Raw data:
* * * *

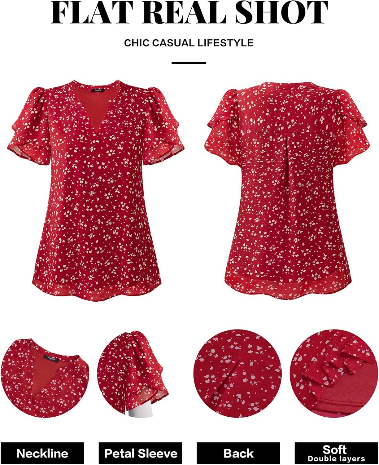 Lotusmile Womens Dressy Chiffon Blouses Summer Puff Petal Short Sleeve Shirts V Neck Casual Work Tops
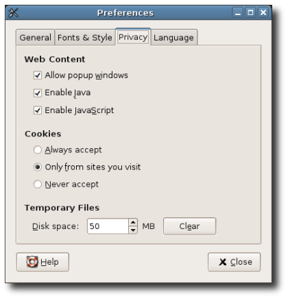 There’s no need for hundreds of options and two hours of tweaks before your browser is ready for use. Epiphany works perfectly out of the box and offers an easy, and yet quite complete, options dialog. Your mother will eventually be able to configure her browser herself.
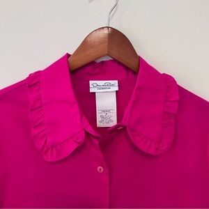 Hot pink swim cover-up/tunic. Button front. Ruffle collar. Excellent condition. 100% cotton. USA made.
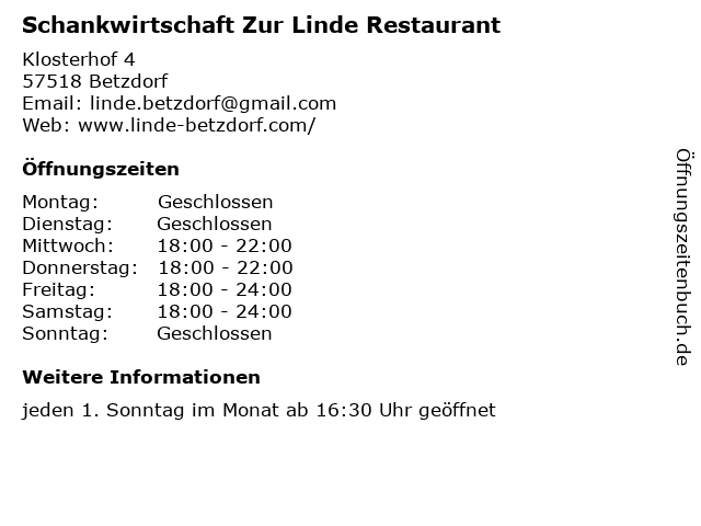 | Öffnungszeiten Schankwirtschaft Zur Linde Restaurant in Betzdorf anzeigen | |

* * * *

Exercise goal: The material above should be printed again exactly, with each picture left out.

Worked solution:
 Lotusmile Womens Dressy Chiffon Blouses Summer Puff Petal Short Sleeve Shirts V Neck Casual Work Tops
 There’s no need for hundreds of options and two hours of tweaks before your browser is ready for use. Epiphany works perfectly out of the box and offers an easy, and yet quite complete, options dialog. Your mother will eventually be able to configure her browser herself.
 Hot pink swim cover-up/tunic. Button front. Ruffle collar. Excellent condition. 100% cotton. USA made.
 | Öffnungszeiten Schankwirtschaft Zur Linde Restaurant in Betzdorf anzeigen | |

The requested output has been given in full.